Teachers should remember that interaction is what is most important, and that with read-alouds in particular, the value lies in the interaction around the book—the conversation, the discussion, the trading of ideas—rather than in the book itself.

Drop the Fixation With Benchmarks

As for the big picture, Duke cautions against fixating on benchmarking in the face of remote learning when those benchmarks are in some ways artificial. “The way we decide what constitutes 3rd grade reading is some combination of community members and teachers at the state level [who] get together with a bunch of test items and decide what percentage of those test items kids should get right at that age,” she says. “It would be perfectly legitimate for our society [during COVID-19] to decide that we have a different set of standards, [and] we’re going to focus on moving every kid forward, but we’re not going to focus on getting every kid to the socially constructed benchmark that we decided on pre-pandemic.”

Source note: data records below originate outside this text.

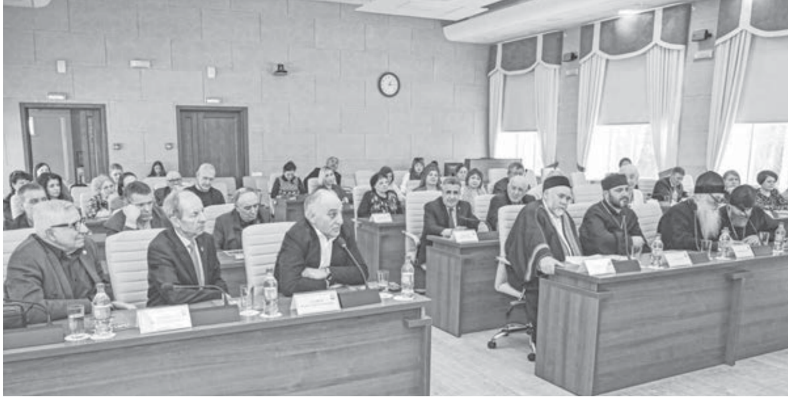
На территории Барнаула действуют 29 национально-культурных объединений.

В Железнодорожном районе на текущий год запланировано 15 мероприятий, некоторые из них уже состоялись. 26 февраля был организован праздник в честь открытия Года единства народов России, а 27 марта прошел фестиваль национальных культур «Венок дружбы». В его рамках выступили национальные творческие коллективы, а жители района представили на выставке «Декоративно-прикладное творчество народных ремесел» русские обереги и национальные костюмы.
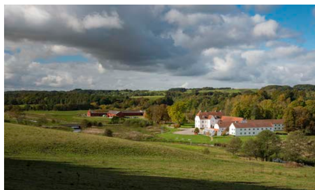
1. Haraldskær. Hvid hovedbygning og rød avlsgård.
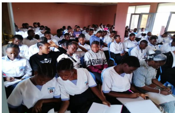
Les élèves en plaine conférence

Cette messe avait pour but de confier l'année, les activités, les apprenants et tous les
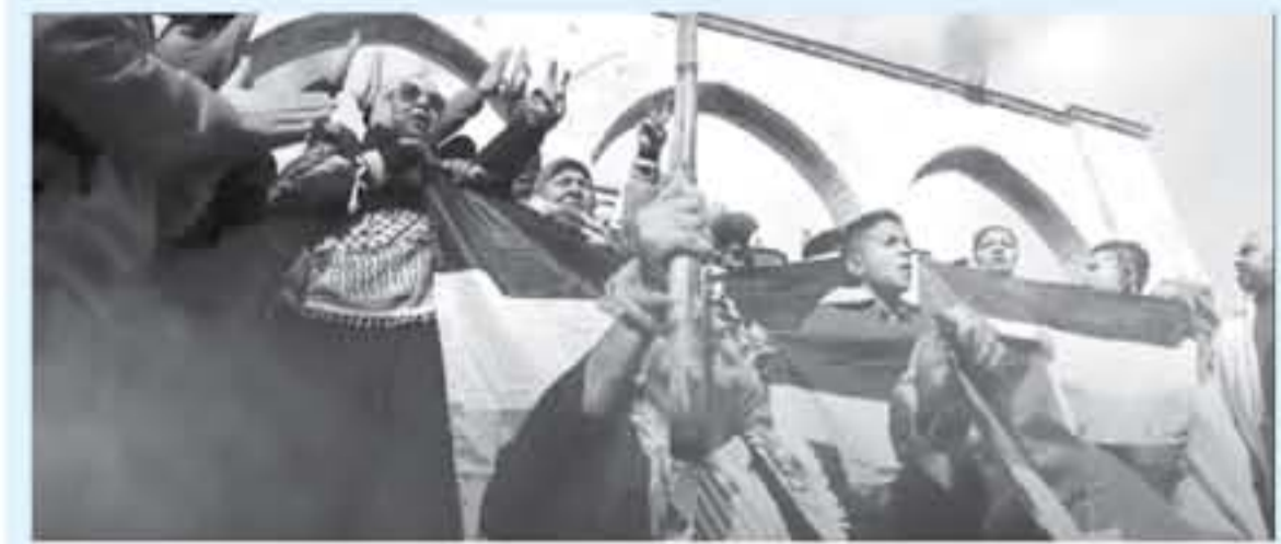
من مسيرات العودة

دعت حركة حماس في الضفة الغربية المحتلة إلى الرحف الهادر نحو القدس في الجمعة الأخيرة من شهر رمضان. وأكدت الحركة في بيان أمس الخميس، ضرورة جعل صلاة الجمعة في المسجد الأقصى تجميلاً "عقدياً" مليوثة القدس. وأعلنت الهيئة الوطنية العليا لمسيرات العودة وكسر الحصار، انطلاقاً ففانيات جمعة "مليوثة القدس"، والتي من المقرر فيها مشاركة جماهيرية واسعة في مسيرات العودة الخمس بقطاع غزة، اليوم الجمعة. وأضافت "تيمم المحتل الغاصب أن ذكرى النكسة ال18ه من يوم تجديد البيعة لعمامة مدينة القدس. وتابعت حماس في بيانها، "لأنها القدس التي لوبت لها الأرواح، ولأنها العاصمة الفلسطينية الأزلية، تدعو حركة حماس

The development of content knowledge, which is highly related to children’s long-term reading success, is also paramount. (Look to the famous baseball experiment for evidence that background knowledge has a profound effect on reading comprehension.)

Educators should not lose sight of the fact that as disruptive as this moment in history is, it can yield remarkable insights on early-literacy development and instruction. Schugar, the professor from West Chester University, put it to Education Week this way: “We’ve been using technology for the sake of using technology, without really having a conscious plan for ‘why.’ Now is the time to think about how we really leverage those very powerful tools.”